▶ _PROBLEM_:
Beginning with the line that contains "your soft locs." and ending with the line that contains "Set de 3 Cuadros", reproduce the lines of the entries below exactly, omitting pictures.

[[ DATA EXCERPTS, beginning ]]

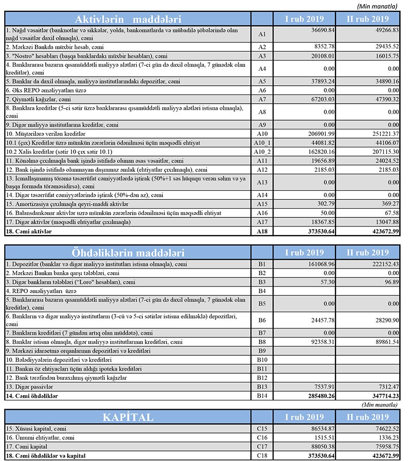 “Marja” Bankın rüblük hesabatlarına istinadən xəbər verir ki, 2019-cu ilin yanvar-iyun dövründə “AFB Bank”ın cəmi faiz və qeyri-faiz gəlirləri 19 milyon 93 min manat (14 milyon 359 min manatı faiz, 4 milyon 734 min manatı qeyri-faiz gəlirləri), cəmi xərcləri 15 milyon 348 min manat təşkil edib. Gəlirlər xərcləri üstələdiyindən Bankın 3 milyon 744 min manat əməliyyat mənfəəti olub. “AFB Bank” əməliyyat mənfəətinin 2 milyon 67 min manatını aktivlәr üzrә mümkün zәrәrlәrin ödәnilmәsi üçün xüsusi ehtiyatın yaradılmasına ayırdığından cari ilin 1-ci yarısını 1 milyon 677 min manat xalis mənfəət ilə bağlayıb.
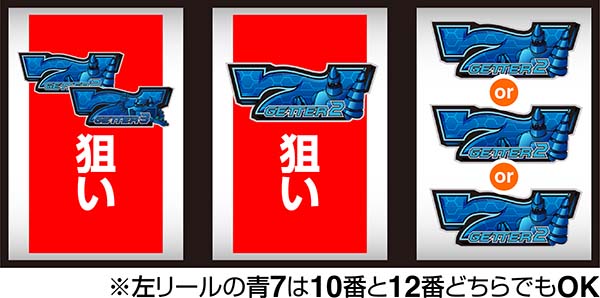 中左リールに赤7もしくは、青7を狙ってREGを揃える。
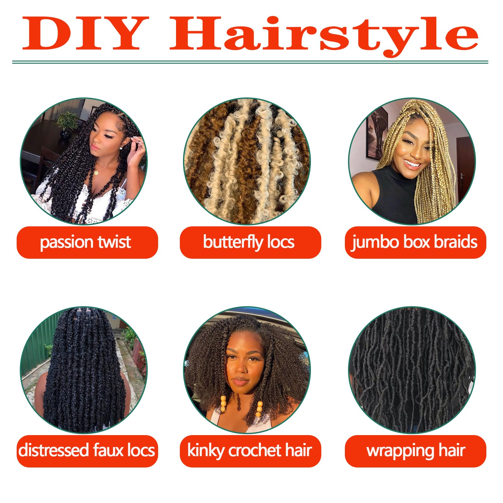 【Multi-purposes】: If you want customize a protectice hairstyle at home, this kind of kinky twist hair is your first choice. You can use our twisting hair customize passion twist hair, butterfly locs, distressed faux locs, etc. you also can use it as wrapping hair for your soft locs.
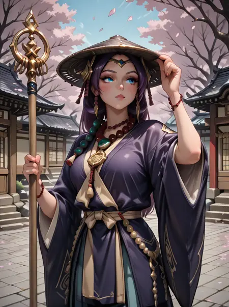 shakujo staff - long staff with metal rings looped through the headpiece. Makes a distinctive jingling sound when shaken
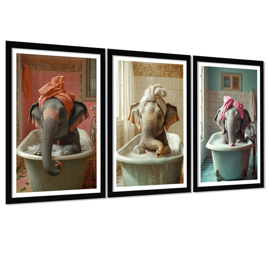 Set de 3 Cuadros de Bebé Elefante Bañandose con Lindos Animales Coloridos, Ilustración para Decorar, Wallart para Inodoro, Ducha, Baño, Aseo, WC
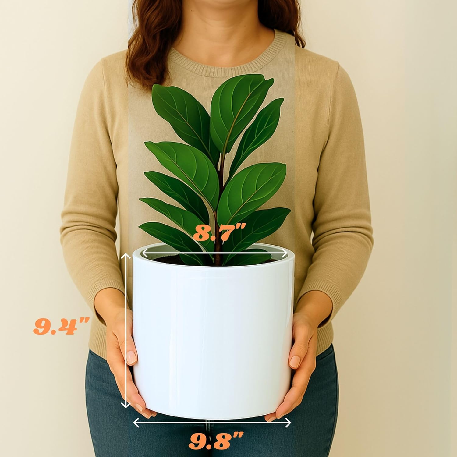 • THE PERFECT POT SIZE FOR YOUR PLANTS – Each glossy flower pot is 9.8” in outer diameter and 8.7” in inner diameter, allowing you to conveniently fit your favorite plant. Dimensions: Outer width: 9.8" | Inner width: 8.7" | Height: 9.4"

[[ DATA EXCERPTS, end ]]

▶ _RESPONSE BOX_:
 【Multi-purposes】: If you want customize a protectice hairstyle at home, this kind of kinky twist hair is your first choice. You can use our twisting hair customize passion twist hair, butterfly locs, distressed faux locs, etc. you also can use it as wrapping hair for your soft locs.
 shakujo staff - long staff with metal rings looped through the headpiece. Makes a distinctive jingling sound when shaken
 Set de 3 Cuadros de Bebé Elefante Bañandose con Lindos Animales Coloridos, Ilustración para Decorar, Wallart para Inodoro, Ducha, Baño, Aseo, WC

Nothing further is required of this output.